Add DB_OBJECT_APPROXIMATE_SIZE and DB_OBJECT_APPROXIMATE_TOTAL_SIZE#4070

Merged
katzyn merged 2 commits intoh2database:masterfrom
katzyn:disk_space
Jul 12, 2024
Merged

Add DB_OBJECT_APPROXIMATE_SIZE and DB_OBJECT_APPROXIMATE_TOTAL_SIZE#4070
katzyn merged 2 commits intoh2database:masterfrom
katzyn:disk_space

Conversation

@katzyn
Copy link
Contributor

@katzyn katzyn commented Jul 6, 2024

Page.getDiskSpaceUsed() and related methods in tables and indexes now have an approximate parameter. With approximate = true this method doesn't read every page any more and therefore works much faster with large tables. The initial implementation for this case isn't perfect and can be improved in the future. At least it is faster, it is stable, and it is accurate enough.

New DB_OBJECT_APPROXIMATE_SIZE and DB_OBJECT_APPROXIMATE_TOTAL_SIZE functions are introduced. They are similar to DB_OBJECT_SIZE and DB_OBJECT_TOTAL_SIZE, but they use this parameter for a faster evaluation.

DatabaseMetaData.getIndexInfo() with approximate = true now also uses a fast inaccurate version to resolve a problem with H2 Console: #4058 (comment)

@andreitokar
Copy link
Contributor

I just wonder what is the use of this function at all? If it tries determine ("precisely" or approximate) disk space used by DB object, shouldn't all pages related to it be included, not just current version of the tree?
I doubt, that it can be used for any sort of capacity planning. Also, people would start asking questions like "why my DB file size is so and so, whereas total object's size is 1/x of it?".

On the other hand, implementation already became complex enough, so is it really worth it? Maybe we can drop it altogether instead. Looks to me like a perfect solution for a non-existent problem.

@katzyn
Copy link
Contributor Author

katzyn commented Jul 6, 2024

Such functions are used for data storage optimizations. Simple queries can be written to get data size estimation for all tables and all indexes to determine good candidates for further investigation. Sometimes disk space is mostly used by very unexpected tables or indexes. Disk space used by different versions isn't really important here. Current implementation returns very useful results, but it is horribly slow, so it will be nice to have an inaccurate but fast alternative version.

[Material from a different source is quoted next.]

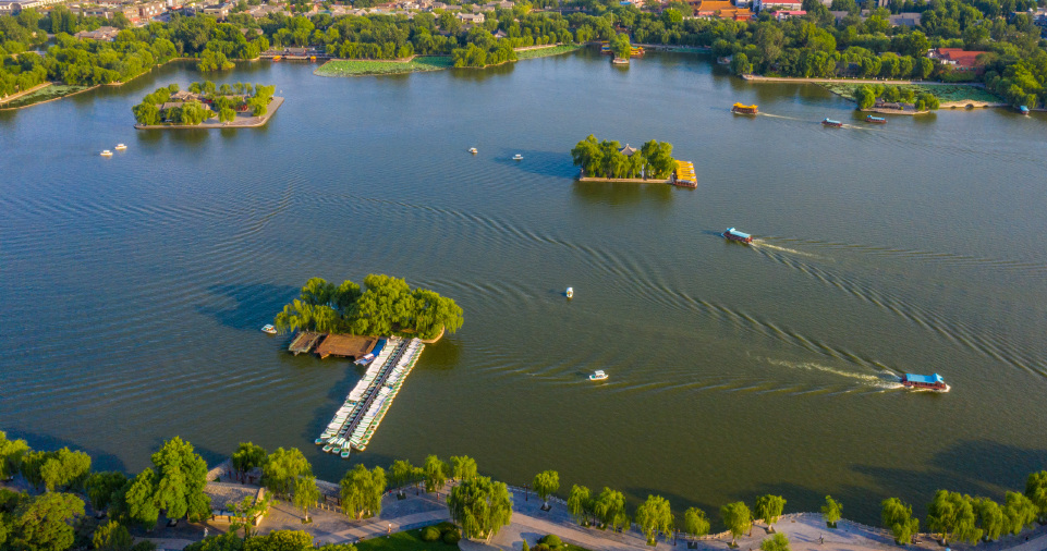 大明湖在藍天的映襯下形成水天一色美景,游客們泛舟湖上感受大明湖的初秋美景,整個(gè)水面與藍天白云交相輝映,如同“天空之鏡”。

Maybe separate semi-accurate and fast versions aren't needed, but I'm not sure that this fast version doesn't have any flaws, everything depends on data distribution.

@katzyn
Copy link
Contributor Author

katzyn commented Jul 6, 2024

I don't like my implementation of getDiskSpaceUsedApproximation(), but my other ideas gave too large deviations in results.

@andreitokar
Copy link
Contributor

Sometimes disk space is mostly used by very unexpected tables or indexes
Not sure what you mean and why user would care. Disk space used depends on an update rate as much (if not more) as data itself. Usually number-o- rows * avg-row-size or number-o- rows * avg-index-key-size is good enough approximation. Some metrics about how balanced B-tree is would be much more useful.
Situation is very similar to Java heap space - JVM gives you no way to determine object size.

@manticore-projects
Copy link
Contributor

manticore-projects commented Jul 7, 2024

@andreitokar: We at manticore have a very real use case and need for this, because at banks and insurances we run very large history tables without a clear retention policy -- because naturally you want to keep as much business data as possible until space constraints touch you with the ground of reality.

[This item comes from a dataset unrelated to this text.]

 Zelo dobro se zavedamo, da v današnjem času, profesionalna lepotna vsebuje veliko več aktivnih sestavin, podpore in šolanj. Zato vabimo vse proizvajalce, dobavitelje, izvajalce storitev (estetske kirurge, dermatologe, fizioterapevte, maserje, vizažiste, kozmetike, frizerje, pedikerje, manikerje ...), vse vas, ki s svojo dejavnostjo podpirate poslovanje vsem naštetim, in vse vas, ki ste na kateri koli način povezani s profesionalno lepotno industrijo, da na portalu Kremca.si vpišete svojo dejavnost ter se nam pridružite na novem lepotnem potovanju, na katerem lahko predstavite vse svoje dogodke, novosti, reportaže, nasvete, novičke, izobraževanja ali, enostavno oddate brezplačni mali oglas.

So we regularly check the database for top 10 largest objects (tables + indices) and then start to prune.
We welcome this change.

@katzyn: at least for us large deviations do not matter, we only need an indicator where to start pruning. A typical 20% : 80% approach (find the 20% of the tables consuming 80% of the space) is more than sufficient.

@katzyn
Copy link
Contributor Author

katzyn commented Jul 7, 2024

Disk space used depends on an update rate as much (if not more) as data itself

Massive updates have an own overhead, but this is a different problem and it isn't critical in many cases when H2 is used as a production database. For example, size of some production database usually floats between 40 GiB after full defragmentation and 75 GiB during normal operation, this behavior is known and acceptable.

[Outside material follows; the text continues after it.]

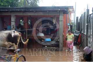 JUCHITAN DE ZARAGOZA, OAXACA, 10JUNIO2008.- El mal tiempo golpea al Sureste mexicano y a consecuencia de las fuertes lluvias provocadas por la onda tropical número 4, el río "Los Perros" se desbordó en este municipio. El Servicio Metereológico Nacional adelantó que este fin de semana se espera un potencial de lluvia mayor al 80 por ciento con actividad eléctrica y granizo. FOTO: MAX NUÑEZ/CUARTOSCURO.COM

Situation 1. Sizes of database, its backup copies and especially of SQL dumps were increased significantly, we know that it isn't a garbage collection problem. There are no tables with too many rows comparing with our expectations, so what happened? Oh, table X has 30 GiB of data in it, but it has only 20,000 rows, what's it? Totally unexpected large values were put into VARBINARY column due to wrong configuration and it wasn't noticed by anyone.

Situation 2. We need to decrease overall size of poorly designed database in an old large project and currently there is no time to change everything, so we need to figure out most important parts first. After that we can check what can be done with them.

These problems aren't database-specific, I used similar functions in PostgreSQL too.

@manticore-projects
Copy link
Contributor

Disk space used depends on an update rate as much (if not more) as data itself

Massive updates have an own overhead, but this is a different problem and it isn't critical in many cases when H2 is used as a production database. For example, size of some production database usually floats between 40 GiB after full defragmentation and 75 GiB during normal operation, this behavior is known and acceptable.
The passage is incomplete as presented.